Ishida, who also saw these subliminal images, deduces that Sadako was born in Oshima Island and he and Mayu head there to save Kazuma. They visit the cave, which was visited by priests who practiced abstinence before the cave was closed due to a cave-in. The cave was also host to a shrine where parents would kill their unwanted children. Sadako was one of the potential victims as an infant but she survived, causing her to gain her powers. To maintain her powers, Sadako fed on the souls of unwanted children, with the girl being her latest victim. A hand pulls Mayu into the cave's pool, where she sees the disembodied spirit of the girl. The ghosts of the murdered children try to drown her but Mayu saves her, which also causes the girl to recover from her coma. Sadako attacks Mayu but Kazuma, who hid in the cave due to fear, emerges and allows Sadako to kill him instead.

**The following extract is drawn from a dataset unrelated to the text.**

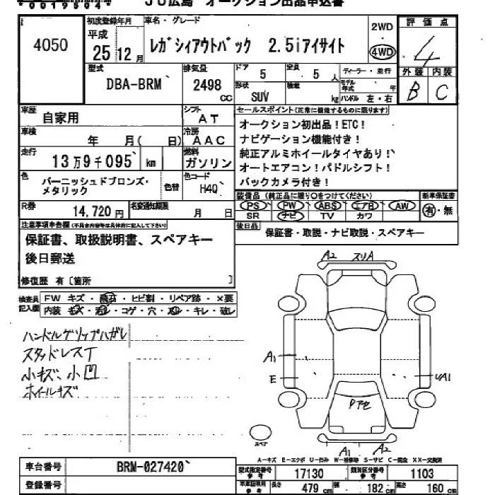 Subaru LEGACY OUTBACK с аукциона Японии JU Hiroshima лот № 4050

The following day, Mayu barricades herself from Sadako using privacy curtains. The girl visits her and thanks her for saving her life. Suddenly, Sadako removes the curtains and kills Mayu.

== Cast ==
- Elaiza Ikeda as Dr. Mayu Akikawa
- Himeka Himejima as Girl / Sadako Yamamura
- Renn Kiriyama as Minoru Fujii
- Hiroya Shimizu as Kazuma Akikawa
- Rie Tomosaka as Hatsuko Sofue
- Takashi Tsukamoto as Yusuke Ishida
- Hitomi Sato as Masami Kurahashi
- Ayaka Minami as Sadako Yamamura

==Reception==
On Rotten Tomatoes, the film has an approval rating of 23% based on 26 reviews, with an average rating of 5/10. The website's critics' consensus reads: "Sadako sees a once-terrifying franchise staggering limply to the finish with a rote final chapter that rehashes previous chapters to diminishing returns".

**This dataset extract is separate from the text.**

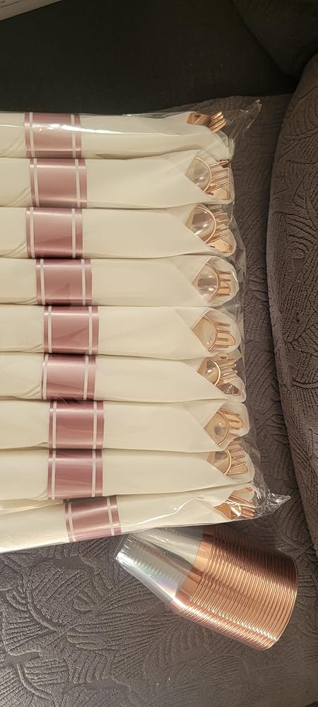 I ordered the rose gold for my daughter's bridal shower. Beautiful color and loved that it came as a combo where the knife, fork, & spoon were wrapped in the napkin. Received lots of compliments!

James Marsh of the South China Morning Post gave the film a score of two-and-a-half out of five stars, writing that the film's "balance between the old world and new media is awkward and only intermittently successful, but nevertheless drags this lurching, wayward franchise back in the right direction". Alexandra Heller-Nicholas, writing for the Alliance of Women Film Journalists, commended the film for its exploration of "the deeper, richer psychological terrain which was always in the series", writing positively of its "broad disinterest in continuing rehashing the now thoroughly overcooked cliché of the cursed video as the central narrative core of the film".

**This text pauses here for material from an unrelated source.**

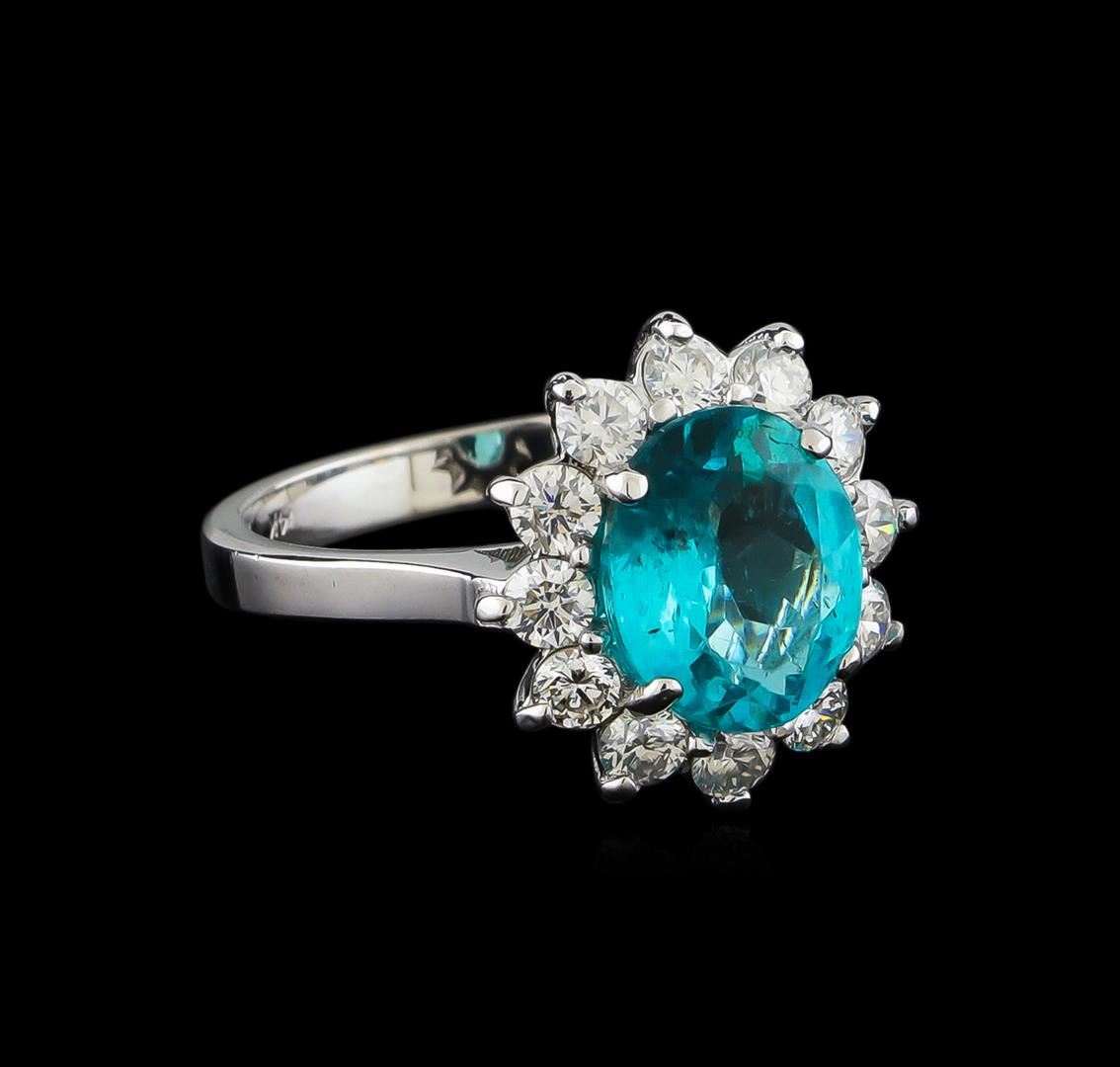 One electronically tested 14KT white gold ladies cast apatite and diamond ring with a bright polish finish. The featured apatite is set within a diamond floret bezel, completed by a two and one-half millimeter wide band. Identified with markings of "14K". Condition is new, good workmanship. Containing: One prong set oval mixed cut natural apatite, measuring 9.90 x 8.05 x 4.80mm, 6%. bulge factor, exact weight 2.78ct., clarity is slightly included, medium, very slightly grayish, greenish blue color, (GIA gB 5/3), cut is good. Transmitting light with a minimum of distortion, transparent,. Naturally occurring internal & external characteristics are present. Graded in the setting. Twelve prong set round brilliant cut diamonds, measuring 2.80 - 2.70 x 1.65mm exact total weight 12 Stones = 0.96ct. Graded in the setting. Clarity: SI-2 to I-1. Color: H - J. Total Weight of Colored Stones 2.78ct. Total Weight of Diamonds 0.96ct. Total Weight of Ring 4.97gm. AIG Appraised.

Conversely, Meagan Navarro of Bloody Disgusting lamented that the film "presents a wide open world of unexplored possibilities", and concluded that "despite a premise that suggests an attempt to modernize this franchise, nothing has changed at all. What once made Sadako so terrifying [...] has now become far too familiar and ineffective". Polygons Joelle Monique wrote that the film "[loses] several of the key elements that made the original films terrifying and thrilling"; she criticized the ways in which the film deviates from the franchise's established lore, and negatively characterized the film as having "the lowest body count in Ringu franchise history". Nick Allen of RogerEbert.com noted the film as having "sporadic lukewarm scares" and wrote: "Sadako is far too touch-and-go with its chilling potential, all despite the promise from its creepy young lead (Himeka Himejima) [...] there are so many story pieces that don't build to grandiosity, so much as drag viewers to an underwhelming climax".